Hall also hired his brother-in-law from upstate, another doctor, whose role in the masquerade would be to transport the baby to 31 Bond. At Hall’s instigation, the two physicians scoured the Lower East Side for an apartment in which they might pretend this fictional mother was about to give birth. On Elm Street (now Elk Street) they found a wine-and-beer merchant with a set of rooms to let. Hall not only rented the rooms on Elm Street, he had them furnished and filled with props. He even brought in a Spring Street pharmacist to play the mother, when Mrs. Cunningham came by Elm Street at one point,  and the fellow put on a frilly cap and simulated birth pangs heroically from the bed.

To make a long story short, the police totally nailed it, and everything went off like clockwork. They let the baby arrive and be admitted to the house. Then before you could say “fallopian tube” they were up the front steps of No. 31 and in the door. Hall’s brother-in-law later claimed that on confronting Mrs. Cunningham he even remembered to say, “Do you claim this child as the child of Harvey Burdell?” to which he said she replied, “Of course—whose else should it be?” And that was it—busted.

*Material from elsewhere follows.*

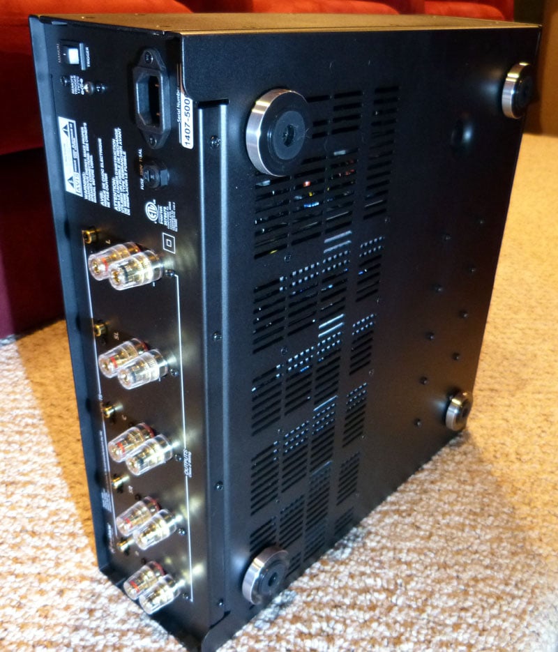 Though the Model 5000 is a bit pedestrian looking, the chassis itself is thicker and sturdier than your typical run of the mill receiver. The blue LED front panel button adds a nice touch of panache to the unit while also serving to let you know when it’s powered up and ready for business. It’s also meant to be an aesthetic match to their Model 975 AV Processor.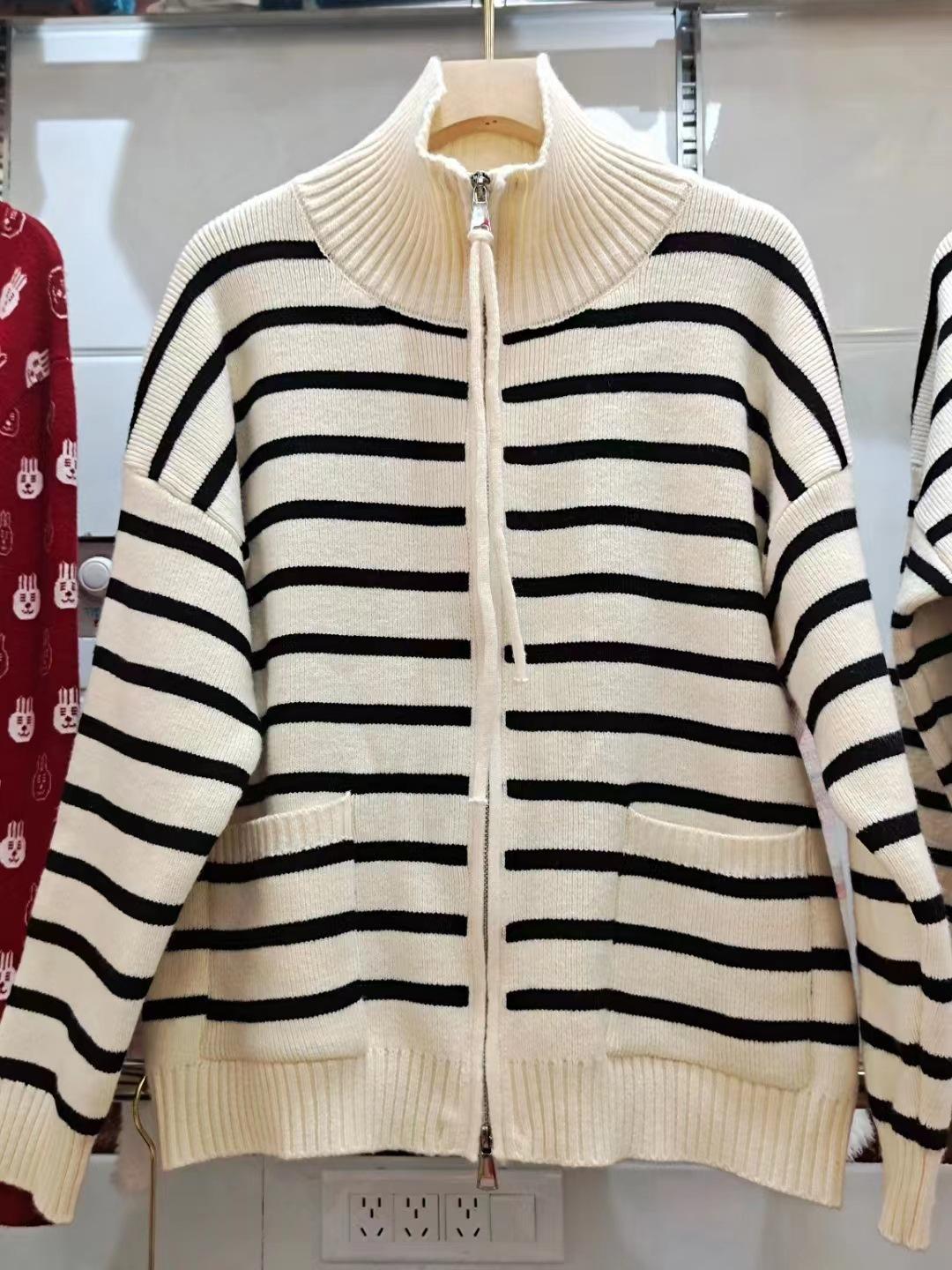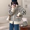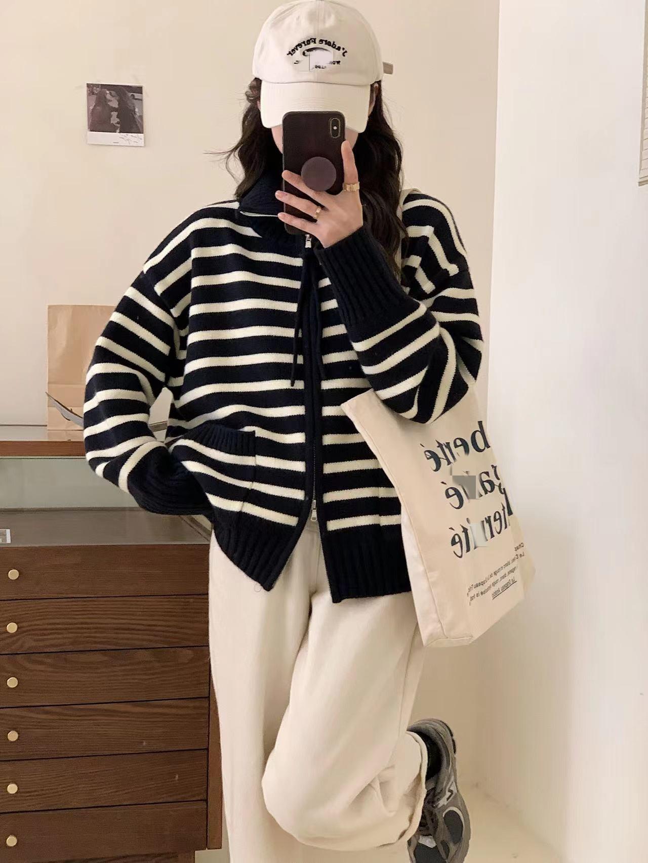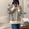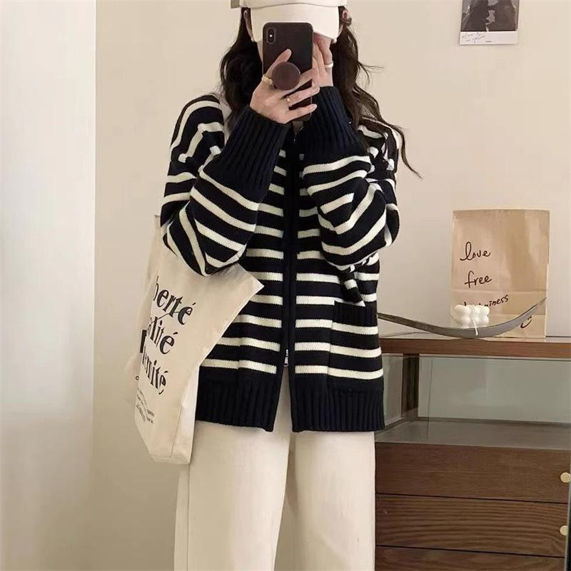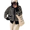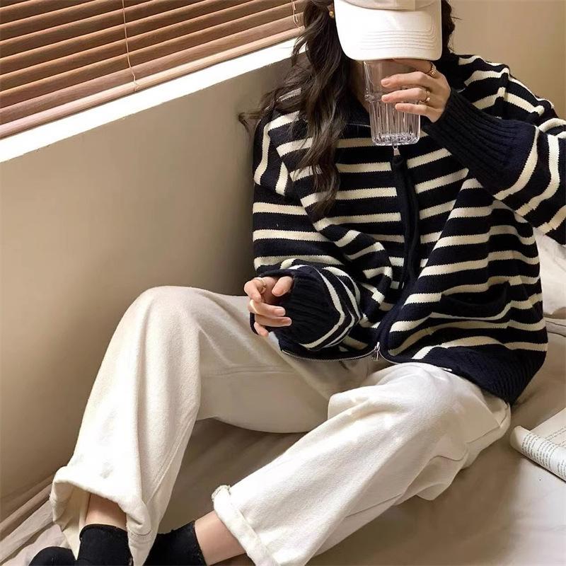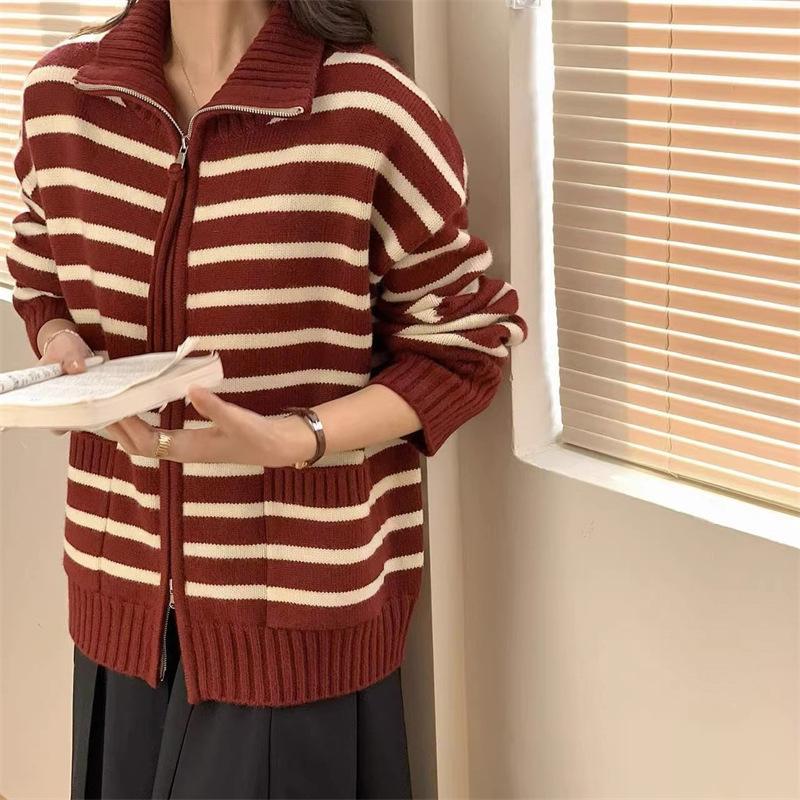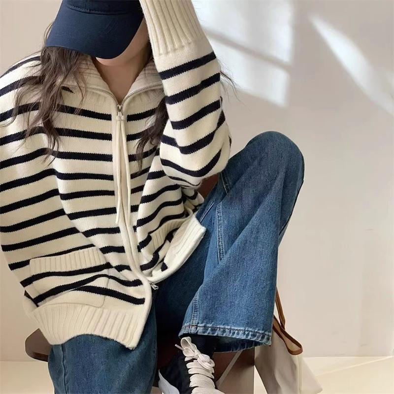 Cárdigan de punto con solapa a rayas de color contrastante de estilo coreano para mujer, nueva moda de otoño e invierno 2024, abrigo de suéter con cremallera que combina con todo para mujer

Mrs. Cunningham, though arrested that night, was apparently never prosecuted for the Bogus Baby escapade. So it seems as if all that Hall had wanted was to put on a big show. In later years Hall himself would  be accused of fraud, but like Mrs. Cunningham would be acquitted. And though he would end his career in disgrace, he shares a biographer with Eugene O’Neill, which would no doubt have pleased him.

The baby in the case (and here is my point) wound up in Barnum’s American Museum, where it had a nice little run earning its mother $25 a week—Broadway’s first child star.

Incidentally, a No. 31 Bond Street still exists. Inside is a pretty little auditorium.